The new inventory screen is the biggest change made by the Extras pack. It's unusual in that it doesn't take up the entire screen. Oddly, the status bar is unchanged by the pack.

In this adventure, Zach discovers that his bomb "the EXPlotion" has been stolen by a king. The player takes revenge by going on a murder spree, but first you have to find a small assortment of odd materials to fix Zach's battle cruiser.

It's actually quite a simple little DMOD that I finished in under fifteen minutes. There's not much to the maps, and the combat presents no challenge. You never have to fight any enemies except for several bosses, and those are easy as Hell because you get a ranged weapon that can fire rapidly and they don't.


Despite the new main character who suggests a very different setting, "Zach" takes place in a kind of bland standard Dink map.

The plot makes little sense and devolves into a series of barely-connected events, but that's fine. Actually, the DMOD charmed me a little bit with an endearing sort of silliness. It's odd - I didn't find its attempts at humor funny, really, but I approved of them nonetheless. I particularly enjoyed a scene where Zach gets caught, tried and convicted for his crimes, and then left to rot in a prison cell with some other prisoners. There's a cutscene of Zach in jail that lasts for a couple of minutes, and the characters begin to argue about whether or not the DMOD is too boring.


Ironically, I found this scene to be the most interesting thing about the DMOD.
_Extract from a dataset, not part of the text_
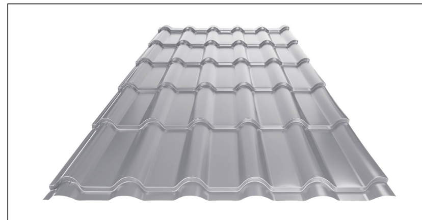
L – ОПТИМАЛЬНАЯ ДЛИНА ПОКРЫТИЯ ДЛЯ МОДУЛЯ 350 mm

There's something I really dig about a cutscene which takes control away from the player for a long time and, rather than use the time to advance the plot, just makes them watch their character hang around in jail. Actually, I was hoping it was going to go on a lot longer. The audacity of that kind of scene in a video game always makes me smile. A video game that has caught your attention can leverage that to make you do certain things that don't meet your expectations of a fun time. Making a player sit around to watch a bunch of exposition just comes across as lazy, but to sit the player down and say, "Here, you've gotten trapped in this cell. Sit and stew in it for a while" - that sort of thing appeals to me. But then, I'm kind of a strange person. I like fetch quests. "They're not fun," people tell me, and I don't exactly disagree. But I like them anyway, especially if they feel like they've been put in deliberately and not as a desperate attempt at padding.


I really like this scene of prisoners lined up for execution. It manages to look very much like they're tied to those posts even though nothing of the sort is shown. My mind can't help but imagine the ropes.

I almost forgot to mention the odd intro in which Zach listens to his answering machine. It's supposed to play three long clips of a song that sets a typical outgoing message to the tune of the Mentos ad jingle, but it doesn't work. Instead, there are three long, uncomfortable silences.

The ending sets up a sequel, but it also weaves a legend of the author's formidable laziness, so it shouldn't surprise anybody that it never materialized. The only thing that surprises me is the existence of that weird little graphics pack. I mean, why this DMOD? It's not bad, but it's not anything special either. In terms of silly romps about a tiny hero from an RTS by Blizzard, I'll take the "A Knight's Tale" series over this any day.